Postgres pg_dump dumps database in a different order every time Postgres pg_dump dumps database in a different order every time postgresql postgresql

Postgres pg_dump dumps database in a different order every time


Here is a handy script for pre-processing pg_dump output to make it more suitable for diffing and storing in version control:

https://github.com/akaihola/pgtricks

pg_dump_splitsort.py splits the dump into the following files:

  • 0000_prologue.sql: everything up to the first COPY
  • 0001_<schema>.<table>.sql
    .
    .
    NNNN_<schema>.<table>.sql: data for each table sorted by the first field
  • 9999_epilogue.sql: everything after the last COPY

The files for table data are numbered so a simple sorted concatenation of all files can be used to re-create the database:

$ cat *.sql | psql <database>

I've found that a good way to take a quick look at differences between dumps is to use the meld tool on the whole directory:

$ meld old-dump/ new-dump/

Storing the dump in version control also gives a decent view on the differences. Here's how to configure git to use color in diffs:

# ~/.gitconfig[color]        diff = true[color "diff"]        frag = white blue bold        meta = white green bold        commit = white red bold

Note: If you have created/dropped/renamed tables, remember to delete all .sql files before post-processing the new dump.

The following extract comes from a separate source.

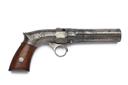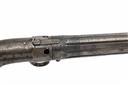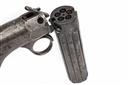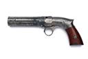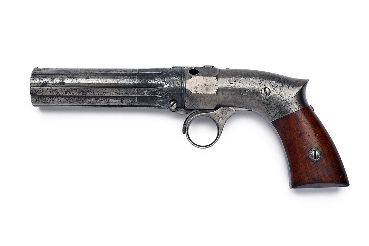 for between 1851-54, with turn-off rifled 3in. five-shot barrel group, one of the false ribs signed 'PATENT 1849', scroll engraving to the breech-end and action body, the radiused action with octagonal front section, the top with push button barrel release, the barrels hinging down for capping, single-action ring cocking trigger with additional trigger to front, saw-handled frame with rear-mounted cocking indicator and smooth hardwood grips, traces of finish

It's worth distinguishing schema and data here. The schema is dumped in a fairly deterministic order, most objects alphabetically, constrained by inter-object dependencies. There are some limited cases where the order is not fully constrained and may appear random to an outside observer, but that may get fixed in the next version.

The data on the other hand is dumped in disk order. This is usually what you want, because you want dumps to be fast and not use insane amounts of resources to do sorting. What you might be observing is that when you "modify the DB" you are doing an UPDATE, which will actually delete the old value and append the new value at the end. And that will of course upset your diff strategy.

A tool that might be more suitable for your purpose is pg_comparator.


It is impossible to force pg_dump to dump data in any particular order, as it dumps data in disk order - it is much faster this way.

You can use "-a -d" options for pg_dump and then "sort" output, but newlines in data will make sorted output unusable. But for basic comparison, whether anything changed, it would suffice.